COVID-Net MLSys: Designing COVID-Net for the Clinical Workflow
This work addresses the challenge of deploying AI tools in real-world clinical settings for COVID-19 patient management, though it is incremental as it builds on existing methods with a focus on workflow integration.
The study tackled the problem of integrating machine learning models into clinical workflows for COVID-19 screening by designing the COVID-Net system, which includes datasets and deep neural networks for detection and severity scoring, achieving state-of-the-art performance and integration into a user interface for clinical decision support.
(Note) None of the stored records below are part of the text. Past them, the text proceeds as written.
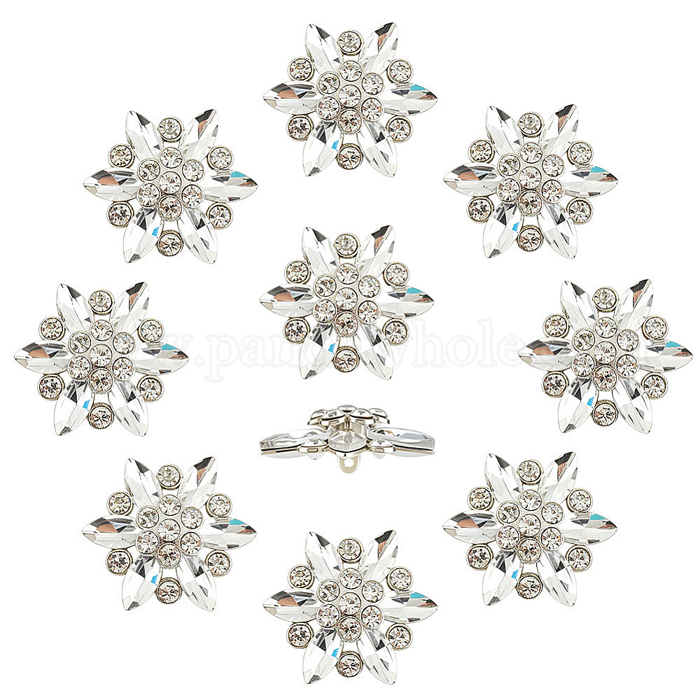 10шт 1-отверстие цинковый сплав стержень кнопки, со стразами, цветок, платина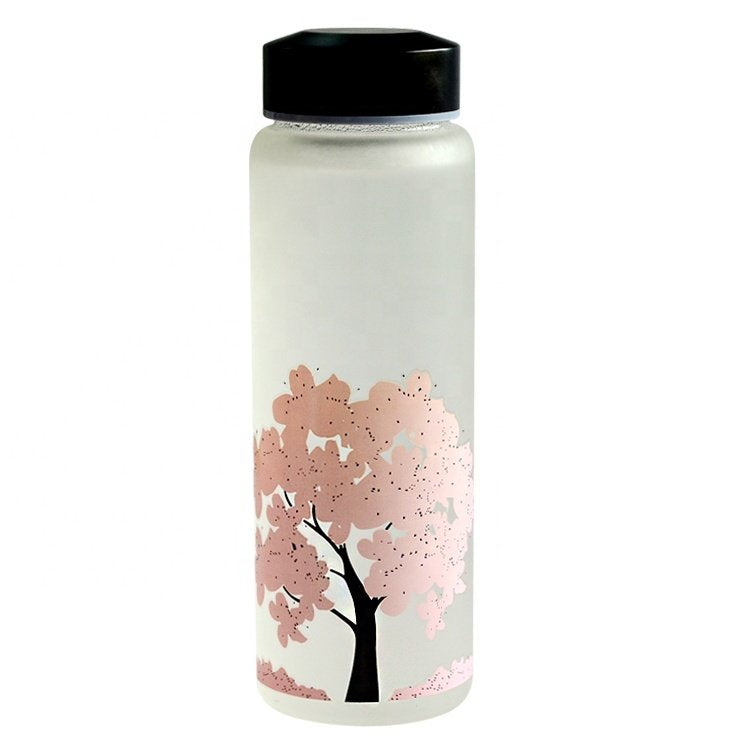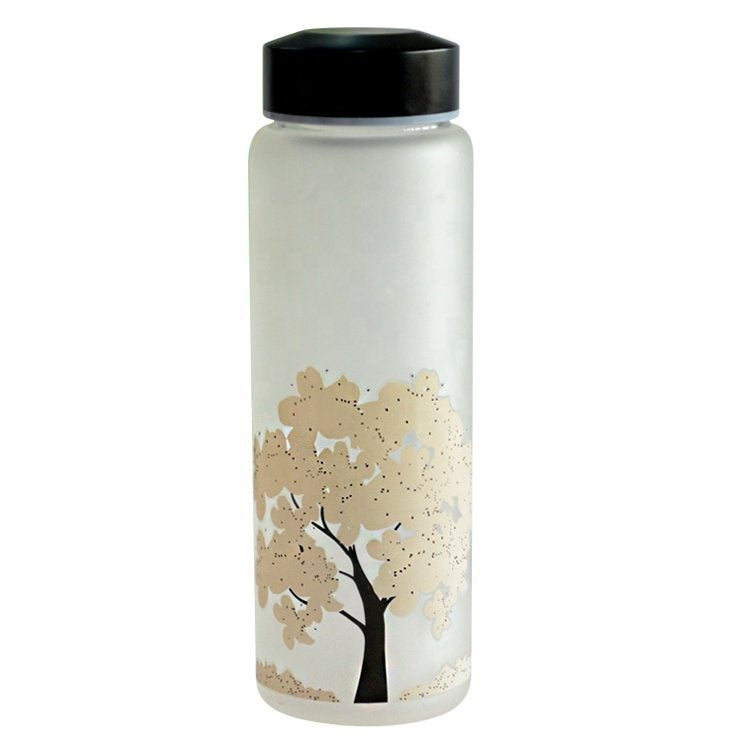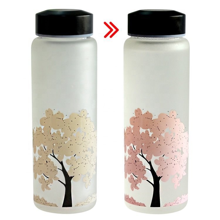 500ml黑蓋旅行變色玻璃水瓶-可客製化印刷企業LOGO
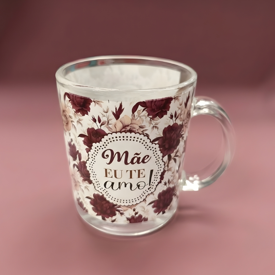Caneca de vidro transparente nas cores vinho e branco, com estampa da frase “Mãe Eu Te Amo”. Capacidade de 320ml. Indicada para uso com bebidas. Produto fabricado em vidro. Recomenda-se manuseio cuidadoso para evitar quedas ou impactos que possam causar danos. A capacidade informada corresponde ao volume máximo aproximado que a caneca comporta.

As the COVID-19 pandemic continues to devastate globally, one promising field of research is machine learning-driven computer vision to streamline various parts of the COVID-19 clinical workflow. These machine learning methods are typically stand-alone models designed without consideration for the integration necessary for real-world application workflows. In this study, we take a machine learning and systems (MLSys) perspective to design a system for COVID-19 patient screening with the clinical workflow in mind. The COVID-Net system is comprised of the continuously evolving COVIDx dataset, COVID-Net deep neural network for COVID-19 patient detection, and COVID-Net S deep neural networks for disease severity scoring for COVID-19 positive patient cases. The deep neural networks within the COVID-Net system possess state-of-the-art performance, and are designed to be integrated within a user interface (UI) for clinical decision support with automatic report generation to assist clinicians in their treatment decisions.